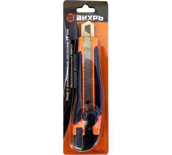 Нож с выдвижным лезвием 18мм двухкомпонентн. корпус винтовой фиксатор Вихрь 73/10/10/3
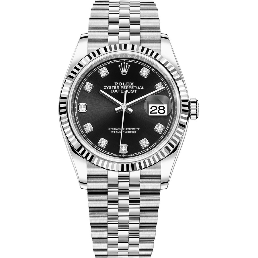 The Rolex Datejust 126234 36mm Silver-tone stainless steel case with a silver-tone stainless steel Rolex jubilee bracelet. Fixed, fluted white gold bezel. Black dial with silver-tone hands and diamond hour markers. Minute markers around the outer rim. Luminescent hands and markers. Date display at the 3 o’clock position.
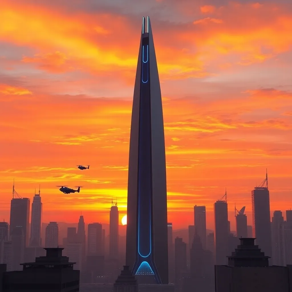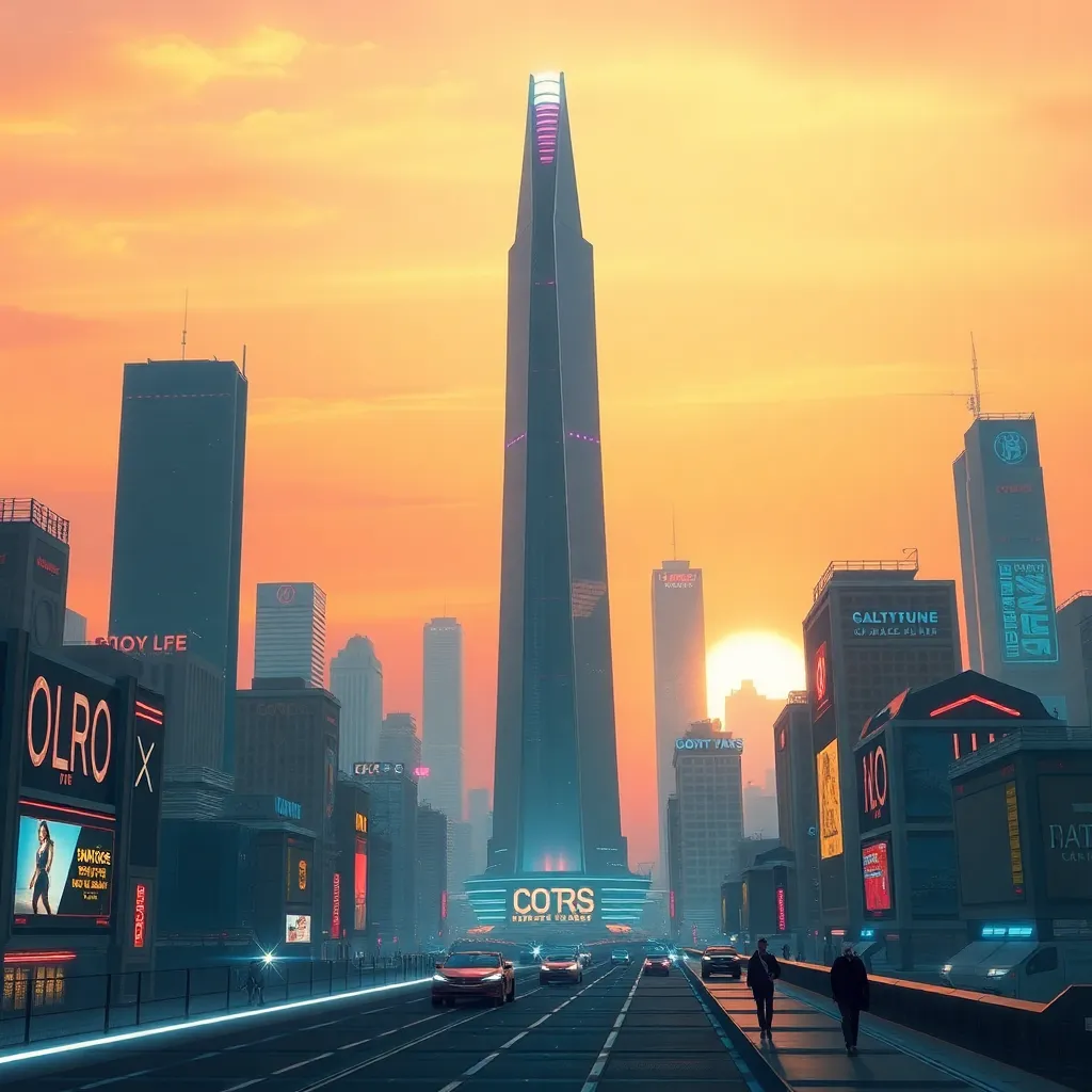 Create a futuristic cityscape at sunset with a sleek, silver skyscraper as the centerpiece. Incorporate neon lights and holographic advertisements. Add a few flying cars and pedestrians in futuristic attire. The sky should be a warm orange and pink hue with a subtle glow. Make the image vibrant and detailed.

==========

> [GOAL OF THE EXERCISE] Output the lines of the data exactly, starting at the first and ending with the line that has "The Rolex Datejust". Pictures are not part of it.

> [FINISHED EXERCISE]
 Нож с выдвижным лезвием 18мм двухкомпонентн. корпус винтовой фиксатор Вихрь 73/10/10/3
 The Rolex Datejust 126234 36mm Silver-tone stainless steel case with a silver-tone stainless steel Rolex jubilee bracelet. Fixed, fluted white gold bezel. Black dial with silver-tone hands and diamond hour markers. Minute markers around the outer rim. Luminescent hands and markers. Date display at the 3 o’clock position.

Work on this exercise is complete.